This is the fifth and last part of our depiction of EAF steelmaking.
Main components are furnace shell with its tapping spout, or more common nowadays, its eccentric bottom taphole (EBT) and its working/slag opening (slag door) the removable roof, the water cooled wall panels, the electrodes with the electrode support arms and the other electricity-conducting elements
An electric arc furnace used for steelmaking consists of a refractory-lined vessel, usually water-cooled in larger sizes, covered with a retractable roof, and through which one or more graphite electrodes enter the furnace.
The furnace is primarily split into three sections:
- the shell, which consists of the sidewalls and lower steel “bowl”;
- the hearth, which consists of the refractory that lines the lower bowl;
- the roof, which may be refractory-lined or water-cooled, and can be shaped as a section of a sphere, or as a frustum (conical section). The roof also supports the refractory delta in its centre, through which one or more graphite electrodes enter.
The hearth may be hemispherical in shape, or in an eccentric bottom tapping furnace (see below), the hearth has the shape of a halved egg. In modern meltshops, the furnace is often raised off the ground floor, so that ladles and slag pots can easily be maneuvered under either end of the furnace.
Separate from the furnace structure is the electrode support and electrical system, and the tilting platform on which the furnace rests. Two configurations are possible: the electrode supports and the roof tilt with the furnace, or are fixed to the raised platform.

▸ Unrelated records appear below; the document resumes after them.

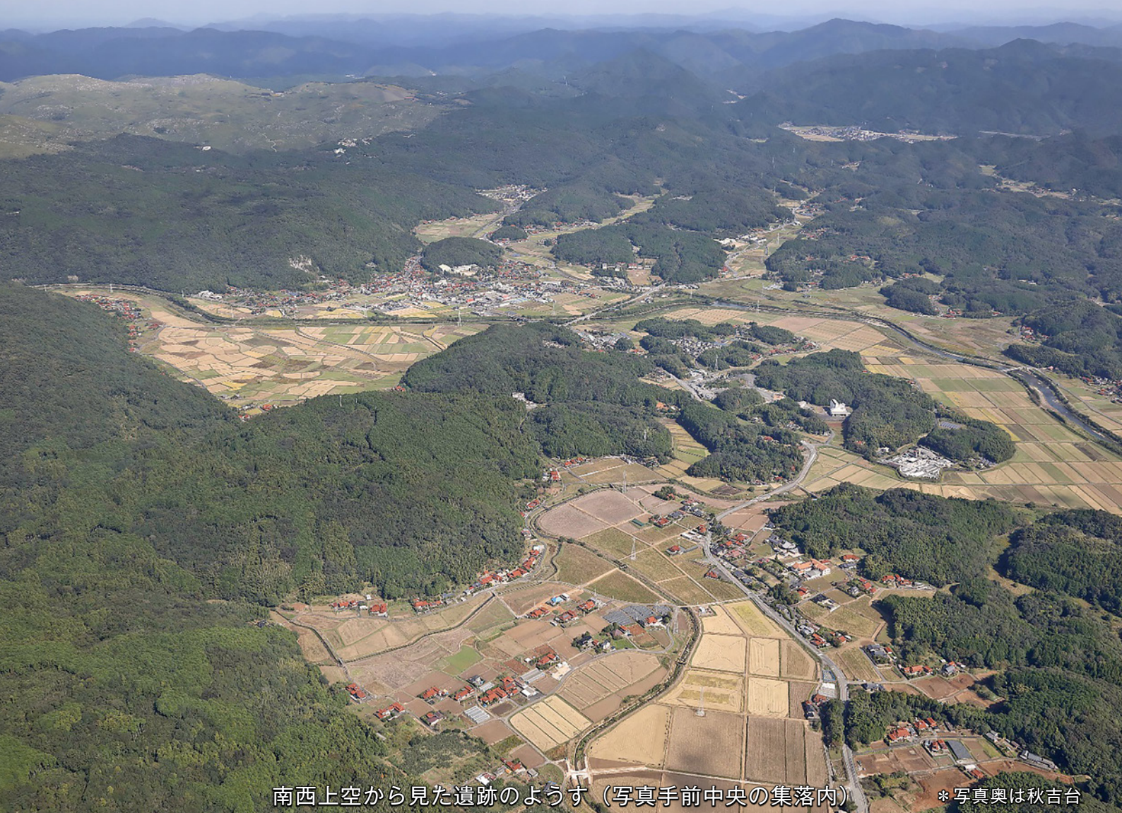
南西上空から見た遺跡のようす (写真手前中央の集落内)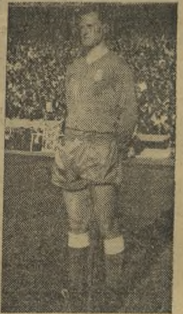
Camargo II, firme en el Pedro Muñoz

El Moscardó ha demostrado ser un equipo de tantos; no hizo mucho honor a la clasificación que ocupa; no es tan fiero el león como lo pintan; abusó de la dureza y, su de-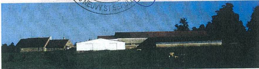
Une construction trop claire s'insère mal dans le paysage

a été signée le 20 juin 2000 sous la présidence du préfet de l'Indre.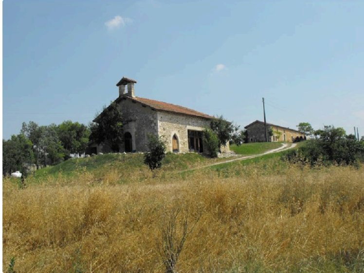
Petite Pierre : deux spectacles en ce début d'été

Deux rendez-vous spectacle à noter dans vos agendas en ce début juillet à La Petite Pierre !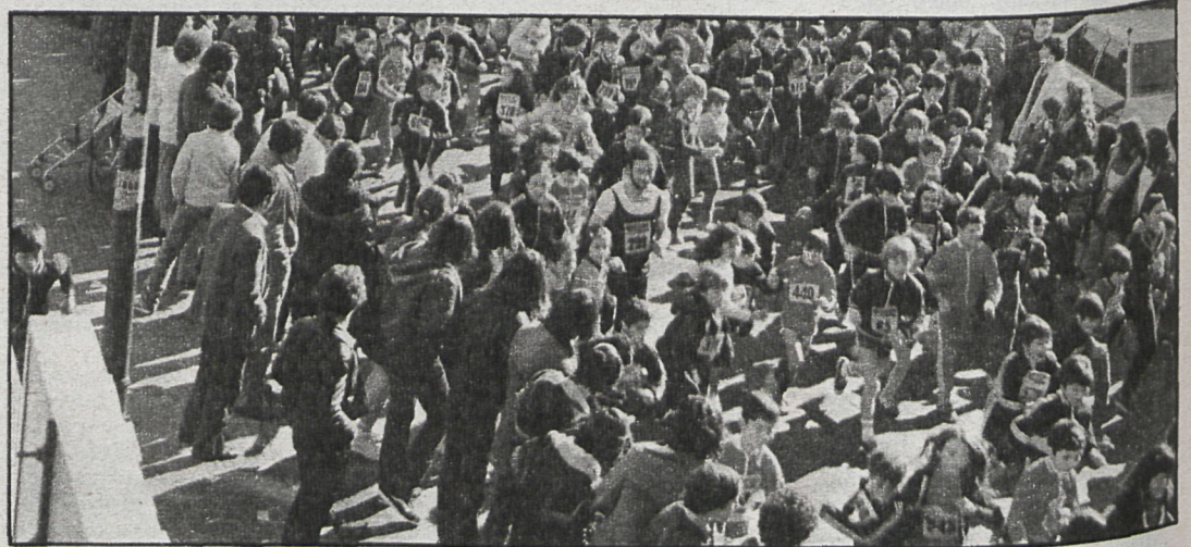
El Ayuntamiento ha hecho un gran esfuerzo por llevar el deporte a los vecinos de Fuenlabrada. En la foto, una de las competiciones populares, que se compagina con pruebas para deportistas «profesionales»

A typical alternating current furnace is powered by a three-phase electrical supply and therefore has three electrodes. Electrodes are round in section, and typically in segments with threaded couplings, so that as the electrodes wear, new segments can be added.
The arc forms between the charged material and the electrode, the charge is heated both by current passing through the charge and by the radiant energy evolved by the arc. The electric arc temperature reaches around 3000 °C (5000 °F), thus causing the lower sections of the electrodes to glow incandescently when in operation.

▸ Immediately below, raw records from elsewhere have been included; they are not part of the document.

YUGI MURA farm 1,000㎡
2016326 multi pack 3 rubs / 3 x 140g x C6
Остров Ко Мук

The electrodes are automatically raised and lowered by a positioning system, which may use either electric winch hoists or hydraulic cylinders. The regulating system maintains approximately constant current and power input during the melting of the charge, even though scrap may move under the electrodes as it melts.

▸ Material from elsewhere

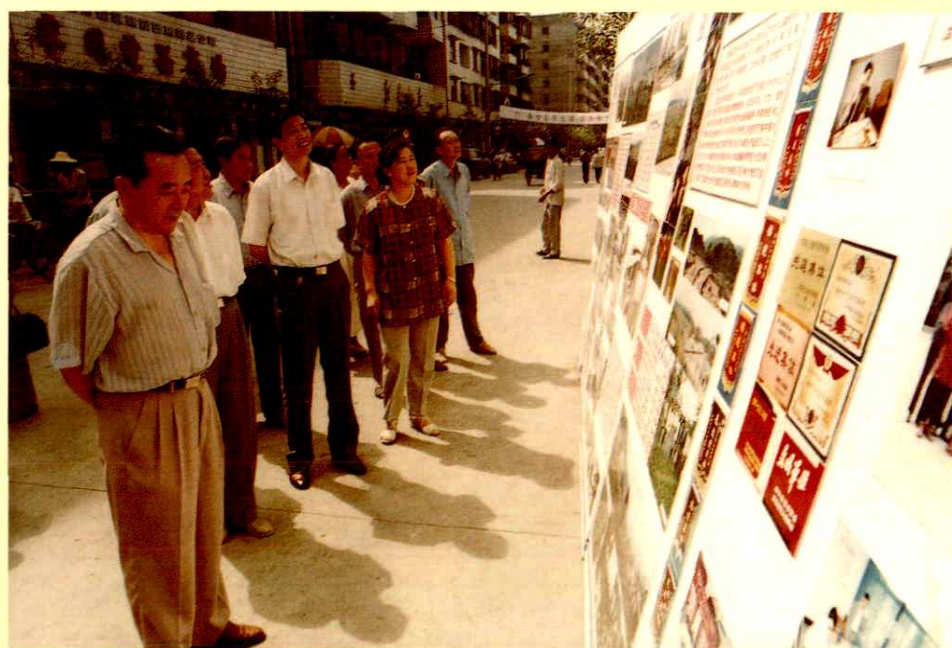
区四大班子领导观看龙泉驿区国土成果图片展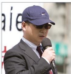
中国驻日记者彼得

The mast arms holding the electrodes can either carry heavy busbars (which may be hollow water-cooled copper pipes carrying current to the electrode clamps) or be “hot arms”, where the whole arm carries the current, increasing efficiency.
Hot arms can be made from copper-clad steel or aluminium. Large water-cooled cables connect the bus tubes or arms with the transformer located adjacent to the furnace. The transformer is installed in a vault and is water-cooled. 
The furnace is built on a tilting platform so that the liquid steel can be poured into another vessel for transport. The operation of tilting the furnace to pour molten steel is called “tapping”.
Originally, all steelmaking furnaces had a tapping spout closed with refractory that washed out when the furnace was tilted, but often modern furnaces have an eccentric bottom tap-hole (EBT) to reduce inclusion of nitrogen and slag in the liquid steel.
These furnaces have a taphole that passes vertically through the hearth and shell, and is set off-centre in the narrow “nose” of the egg-shaped hearth. It is filled with refractory sand, such as olivine, when it is closed off.
Modern plants may have two shells with a single set of electrodes that can be transferred between the two; one shell preheats scrap while the other shell is utilised for meltdown. Other DC-based furnaces have a similar arrangement, but have electrodes for each shell and one set of electronics.